Open zonca opened 9 months ago
@zonca will check status of allocation, do a test deployment and destroy it, then point Amy to the docs so she can execute the deployment.
We will start with a plain Kubernetes deploy, then will add all other features, in particular #84
testing the deployment, until Terraform step it works, however by mistake I released the IP pointed by supercdms.jetstream-cloud.org, opened ticket.
Now testing Ansible default deployment of Kubernetes. See also #92
taking the opportunity of rebuilding the deployment to improve it. I am working on deploying a load balancer on top of JupyterHub, see https://github.com/zonca/jupyterhub-deploy-kubernetes-jetstream/issues/45
I have a networking issue with the load balancer, opened a ticket about it.

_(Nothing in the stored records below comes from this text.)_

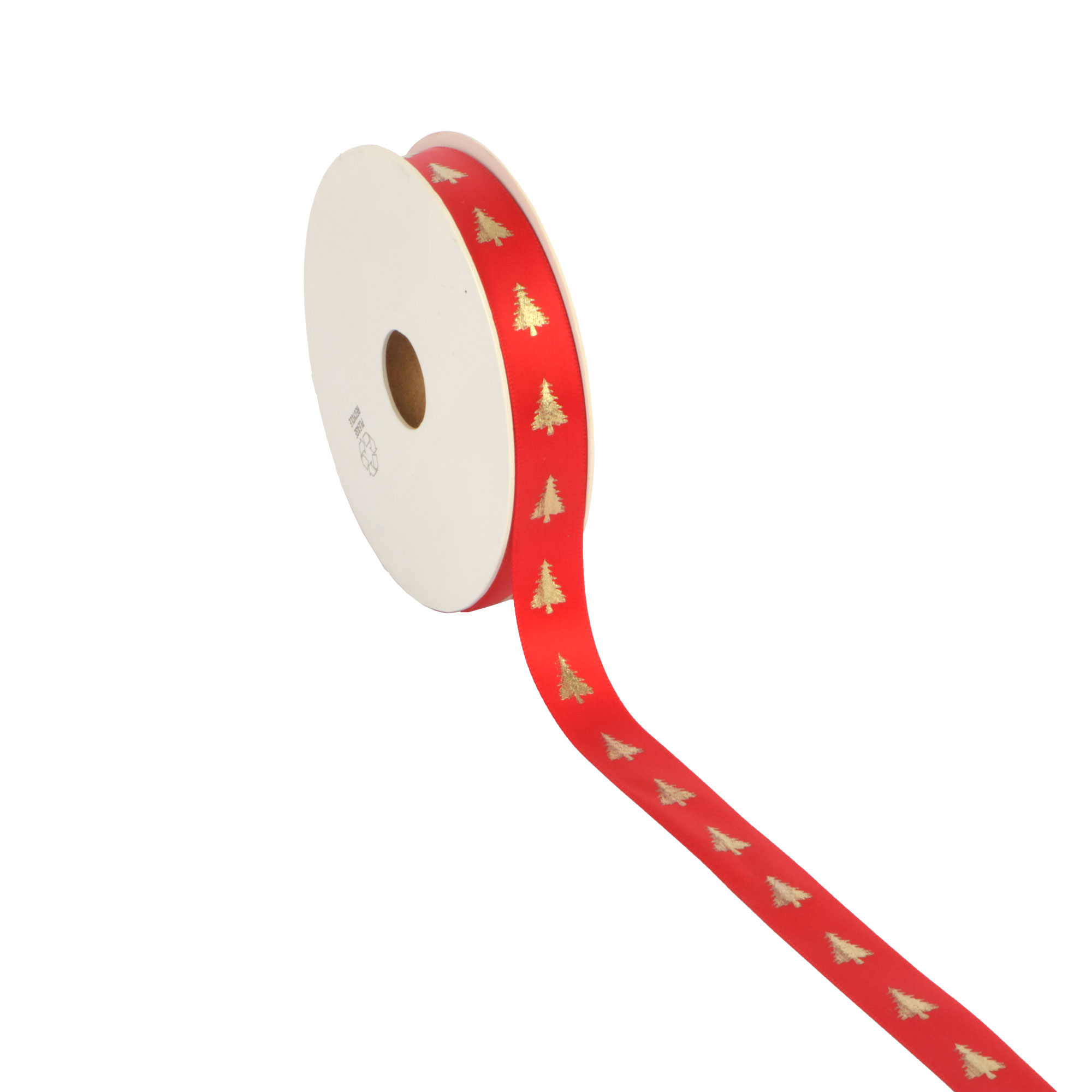 Rol satijnlint 15 mm 25 mtr Kerstboom rood (ucl)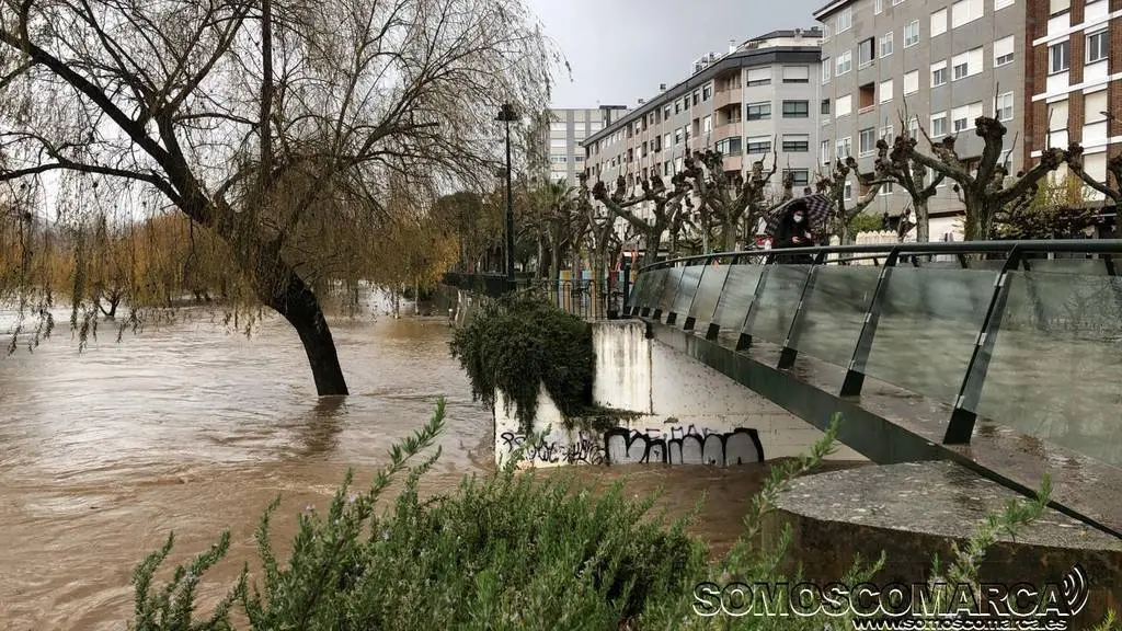 En estos momentos, según el último dato ofrecido a las 14.00 horas, el río se encuentra en los 8.48 metros y lleva 703.98 metros cúbicos de agua. En menos de 6 horas el caudal ha subido más de un metro y continúa en ascenso.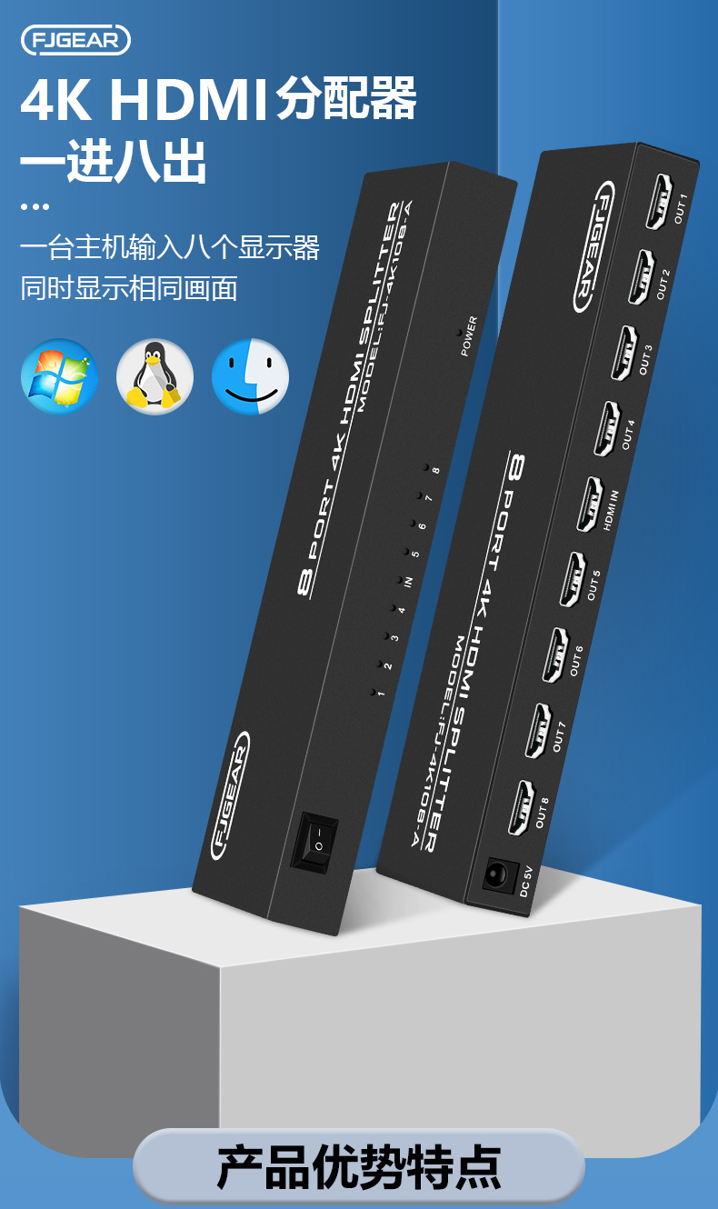 1.最高支持4K*2K@25/30HZ,向下兼容多種分辨率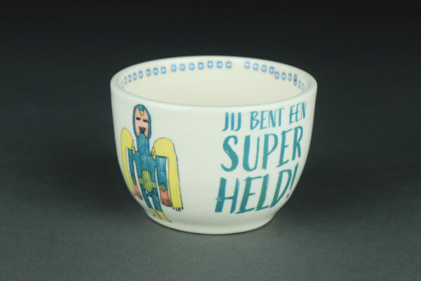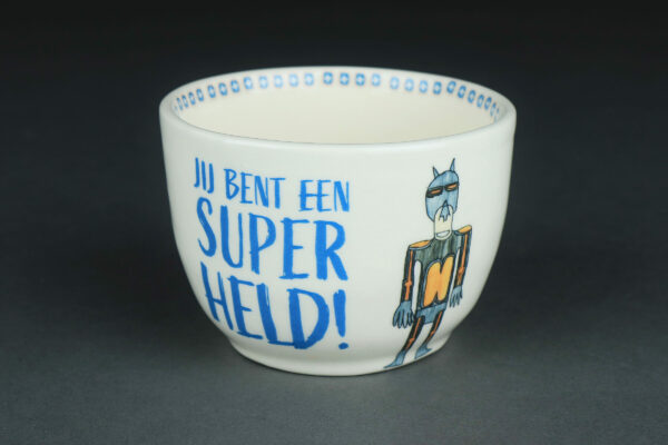 - Elke kop en deksel portretteren in reliëf één van de makers, welk portret je ontvangt is een verrassing
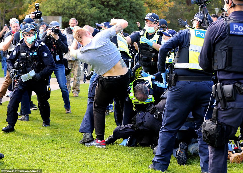 Cuộc biểu tình nhanh chóng trở thành cuộc đụng độ giữa người dân và cảnh sát. Video ghi lại cảnh tượng nhiều người biểu tình không đeo khẩu trang đang vật lộn với lực lượng hành pháp, trong khi nhiều tuyến đường ở khu trung tâm Melbourne bị phong tỏa. Ảnh: AAP.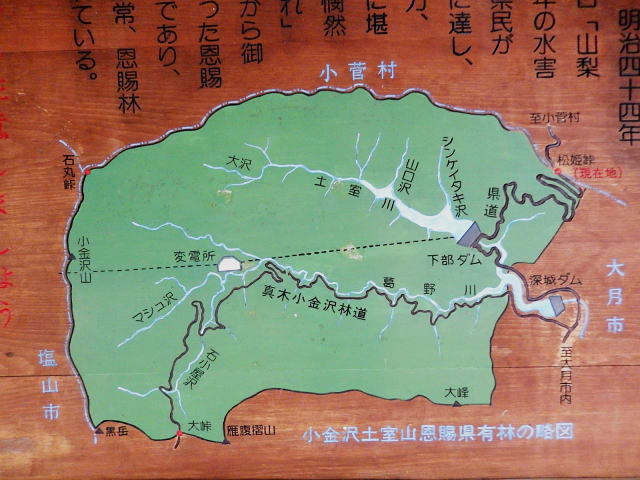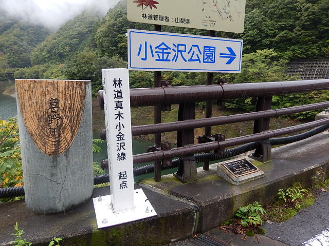 松姫峠から国道139を下って大月方面へ向かうと、その真木小金沢林道の分岐に出るのですが、降りて行くとなんだか大がかりな工事をしています。何年後かには松姫バイパスが開通し、大月市から小菅村への道が便利になるという事です。でしばらく行くと見慣れない湖が???しかも林道真木小金沢線起点なんて書いてある。20年以上来ないうちにダムが出来たりトンネル工事が始まったり・・・・・浦島太郎になった気がしました。20年数年前はトンビになった気がしたのにね。でも松姫峠は昔のままでよかったなぁ。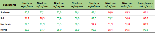 Na última sexta-feira (01), foi divulgado pelo Operador Nacional do Sistema – ONS a revisão semanal o Programa Mensal de Operação – PMO referente ao mês de julho/22. Os subsistemas de forma geral, apresentaram leve queda em seus níveis, mas mesmo assim ainda se mantêm com bons volumes.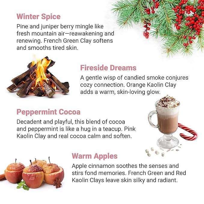 - Scent : Mistletoe Kisses, Peppermint Cocoa, Fireside Dreams, Warm Apples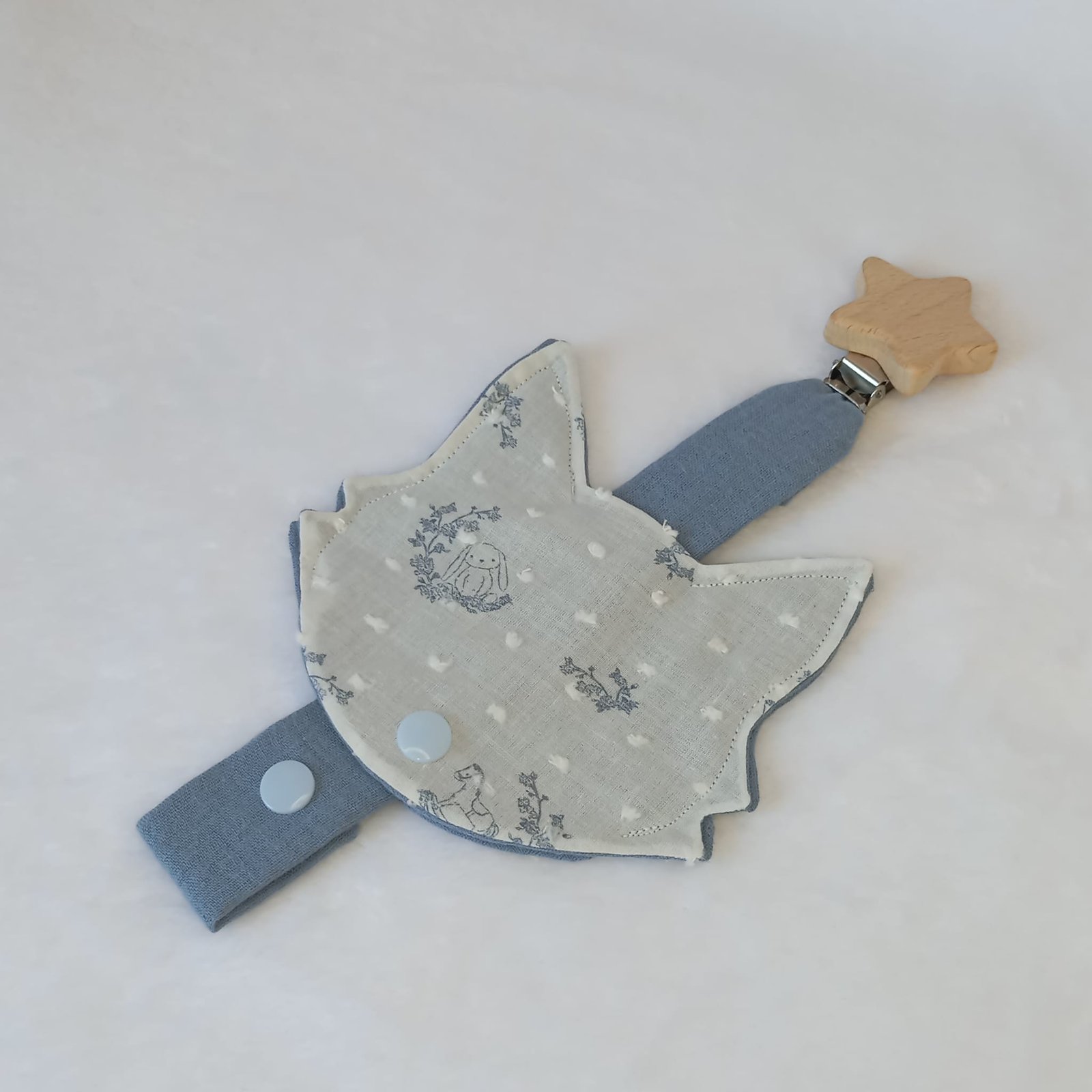 Chupetero con cinta (22 cm) + pinza: cinta de popelín azul clásico unida a una pinza de madera natural en forma de estrella; el clip metálico no contiene níquel y sujeta con firmeza sin dañar la ropa del bebé.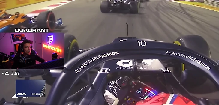 Ландо не был бы Ландо без смешных реакций на собственные успехи. В прошлом году он смаковал моменты с собой в нарезках мемов – и сейчас порадовался как ребенок, увидев борьбу с Пьером Гасли на четвертом круге: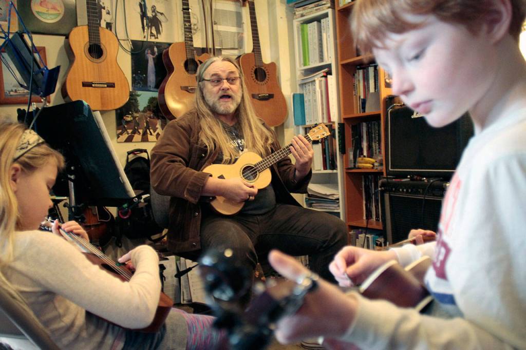 Randy Parris leads a group of aspiring ukulele virtuosos during an Island Music Guild class Monday at Rolling Bay Hall.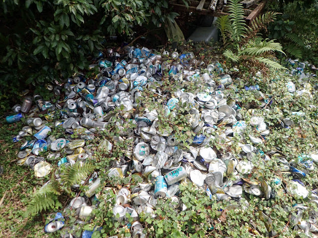 正當我們以為大功告成的時候,卻被告知山外有山,士多屋後原來另有一堆鋁罐山,而且年代更久遠,罐身已被陽光曬得通體發白,雜草叢生,有種快將與大自然融為一體的味道。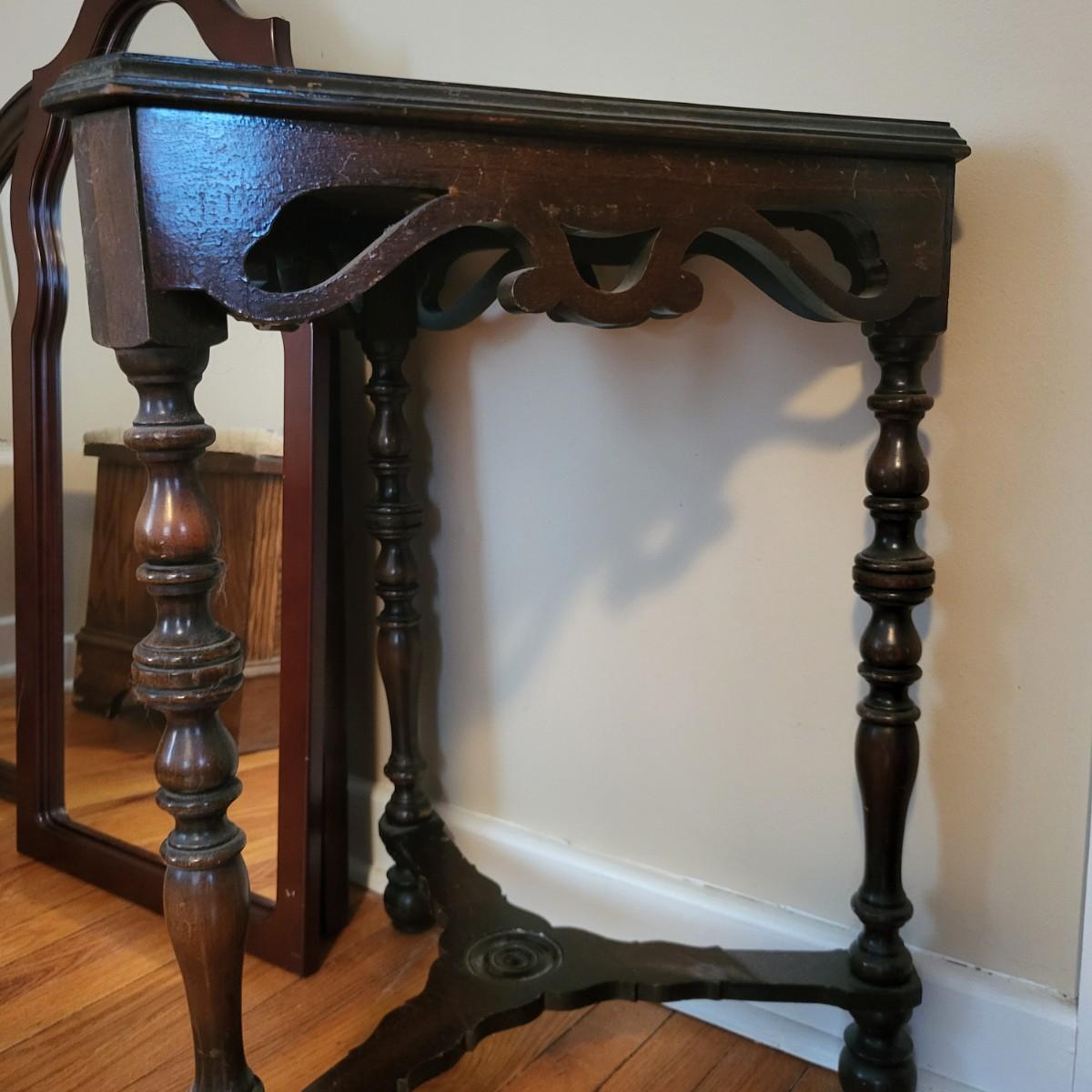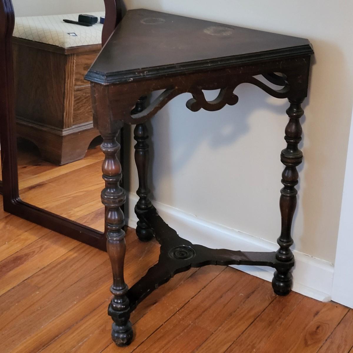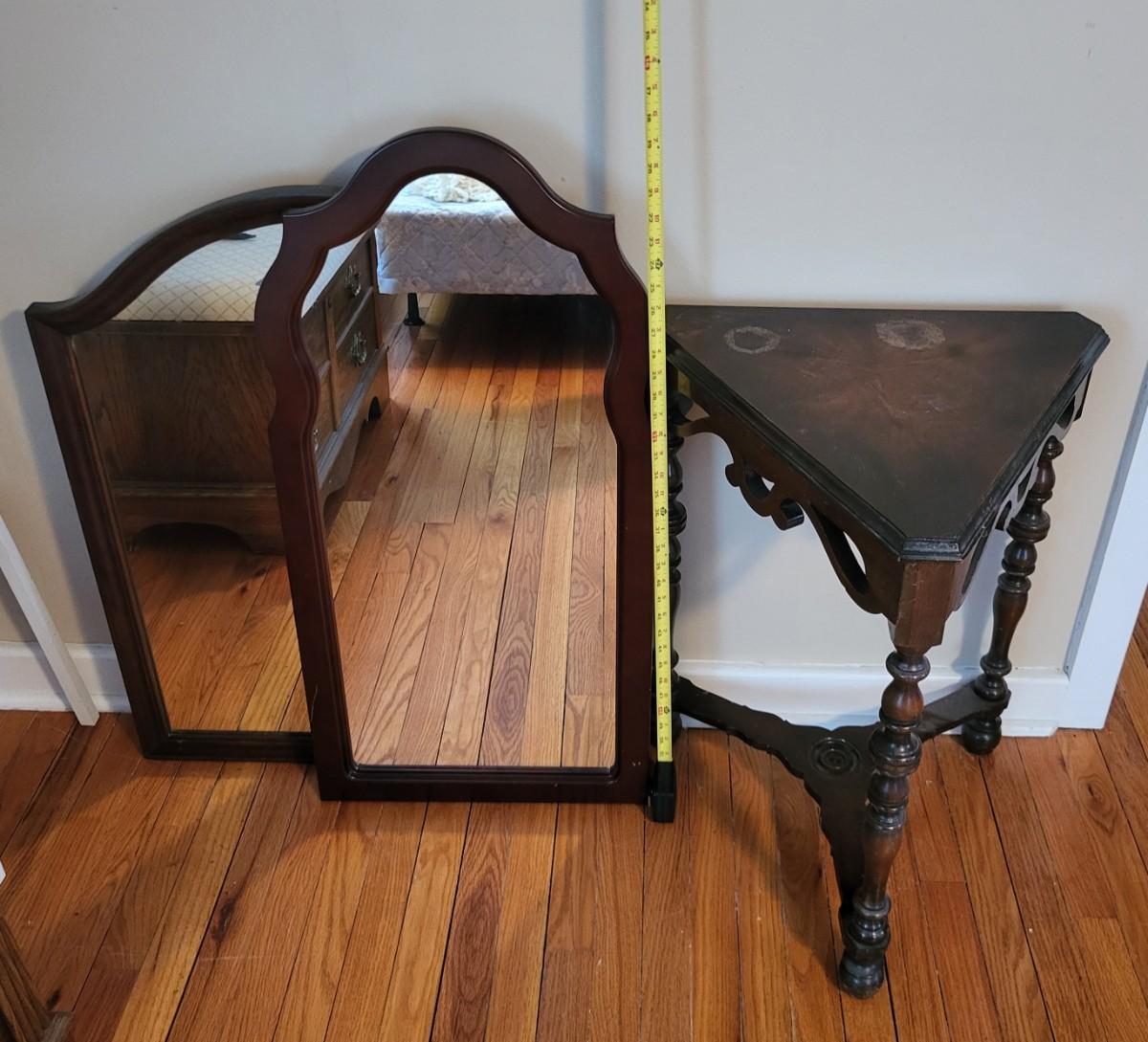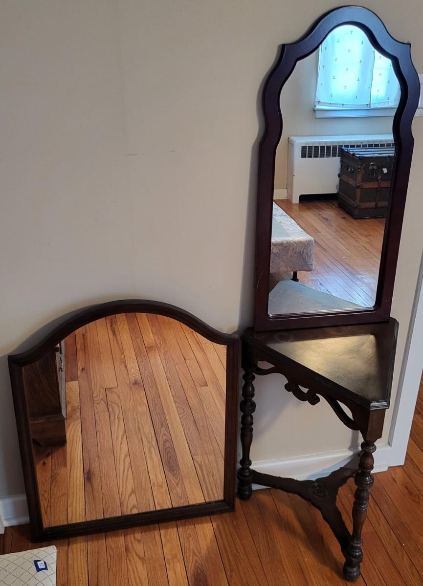 LOT 38: Vintage Wall Mirrors with Wooden 3-Leg Corner Table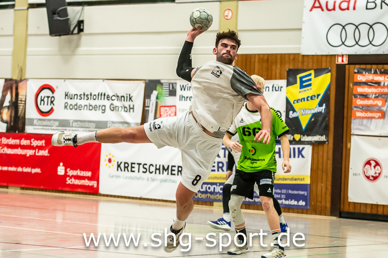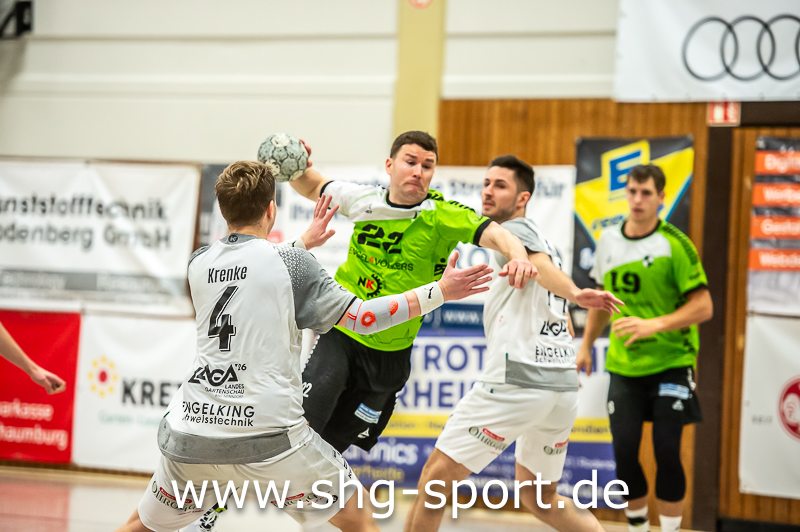 WALTRINGHAUSEN. Es war das letzte Spiel des Jahres 2025 und gleichzeitig der Beginn der Rückrunde: Der Handball-Regionalligist HSG Schaumburg hatte den TuS GW Himmelsthür zu Gast und beschloss das Jahr mit einem 34:29 (19:12)-Heimsieg. Die Stimmung in der Halle hielt sich in Grenzen, die dargebotenen Leistungen luden nur bedingt zum Feiern ein. „Es war kein gutes Spiel, wir hatten eine starke Viertelstunde“, erklärte Coach Timm Dietrich. Das war die Zeit zwischen der 15. und 30. Spielminute, die reichte der HSG um das Spiel praktisch zu entscheiden. Eine wichtige Stütze war dabei die stabile Leistung von HSG-Torwart Kjell Motzkus.
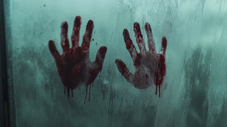 Bloody handprints on fogged glass in a dimly lit room create a chilling atmosphere of suspense and fear

still debugging with the help of Jetstream's support
@zonca should I still give the instructions a try, or wait until the load balancer is debugged?
You can try as it is now
issue fixed by Jetstream support. Now I'll write a tutorial about this, then resume deploying the SuperCDMS JupyterHub
I am finalizing the load balancer tutorial
hit other issues with the load balancer, waiting for help from jetstream support
So I started trying to redeploy - is that okay in the current state? I went to https://github.com/det-lab/jupyterhub-deploy-kubernetes-jetstream/blob/cdms/DEPLOY.md and tried to follow the "REDEPLOY.md" instructions, but I'm not sure which prompt I should be using. I'm guessing it's a prompt on jetstream?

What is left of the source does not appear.